WHAT ARE THE EXPECTATIONS FOR DANCE EDUCATIONAL FRAMEWORKS® This is a relatively new term for dance. Public education has frameworks for its subject genre, which specifies what children should learn at each grade level, in multiple subjects, before progressing to the next grade. Of course, states go to great lengths to modify these frameworks with committees. Children with specific needs are no longer segregated into special classes, but are acknowledged and integrated into classrooms, where teachers give them extra time and work they can accomplish, sometimes with a para-professional. Other modifications now meet the use of technology, because public education is teaching the next generation of workers skilled and unskilled. What are your methods for moving children forward if they return each year? Does your facility use terms like recreational, community, enrichment, competitive, intensive, elite? Are you stating you have levels? If so who creates the levels and how are they understood by parents? What are your dance frameworks, what can each child complete by the end of a semester, term, 6-week themed class, or other modifications used in your dance classroom?

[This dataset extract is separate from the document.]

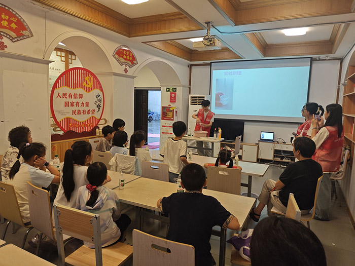 活动现场,宣讲团其他成员分工明确、协作高效。他们在孩子们中间穿梭,及时分发和更换各类实验材料,确保每个孩子都能亲手参与且安全操作,细致入微的后勤保障为活动的流畅进行提供了关键支撑。实验结束后,志愿者们迅速行动,认真清理实验台面、归整物品,让社区活动场所恢复整洁有序。宣讲团还专门设置了反馈环节,认真倾听并收集了小朋友们对此次科学之旅的感想与宝贵建议。
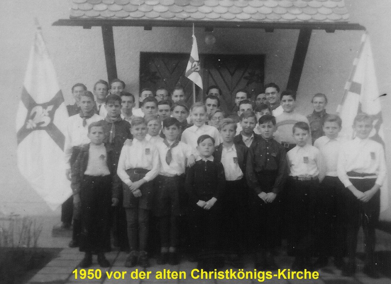 Pfadfinder St. Georg Stamm II - 1950 vor der alten Christkönig-Kirche

HOW IS A DANCE CURRICULUM® DEFINED? What is it? This can be defined as what specific skills you teach in each class, for each grade, for each dance subject genre you advertise?. Have you trained your faculty to all present the same skills in each class they teach based on what you the owner and faculty have agreed upon for each dance subject and school grade level? Have you defined the structure based on time constraints of each class for students? Example how does your jazz class for school grades 1 & 2 start? Center floor barre, progressing to floor flexibility stretches, to across the floor technique in turns and jumps, to a combination that becomes part of a performance routine? Are there expectations for the class to attain so the end of the season performance reflects what these expectations are? Do you offer rubrics/assessments for success, something many parents may now expect? COVID has changed parental expectations in public education. Do you have them for dance education and your facility too?

HOW DANCE UNIT PLANS® WORK Unit plans are how one defines a specific time frame of dance class learning. For dance it can be 36 weeks divided into four segments for a specific dance subject, in other words what are you telling your faculty to cover in an eight-week time frame. Your enrichment students attend class on a once-a-week basis. That is approximately 6 hours of on task learning for each child per learning segment. You should ask yourself the following questions. How did I encourage student memory retention? What rubrics/assessments did I design to hand out when a parent asks, What is she/he learning in class? OR How well is my child keeping up with the others? Did you create rubrics or student-parent reports for each of the 6-8-week sessions? Did you create handouts for the preschoolers to color with a list of what they learned based on their monthly class themes?

WHY YOU NEED WEEKLY DANCE CLASSROOM LESSON PLANS® Lesson plans can be as simple as a checklist for an owner to review as to what a teacher is teaching and accomplished to a video review of a class, which I think is better. Keeping records of absences in a class is helpful for tuition, creating a video of class performance at the beginning and end of an 6-8-week term is better. Videos can be used by an owner for faculty evaluations for continued employment by a facility.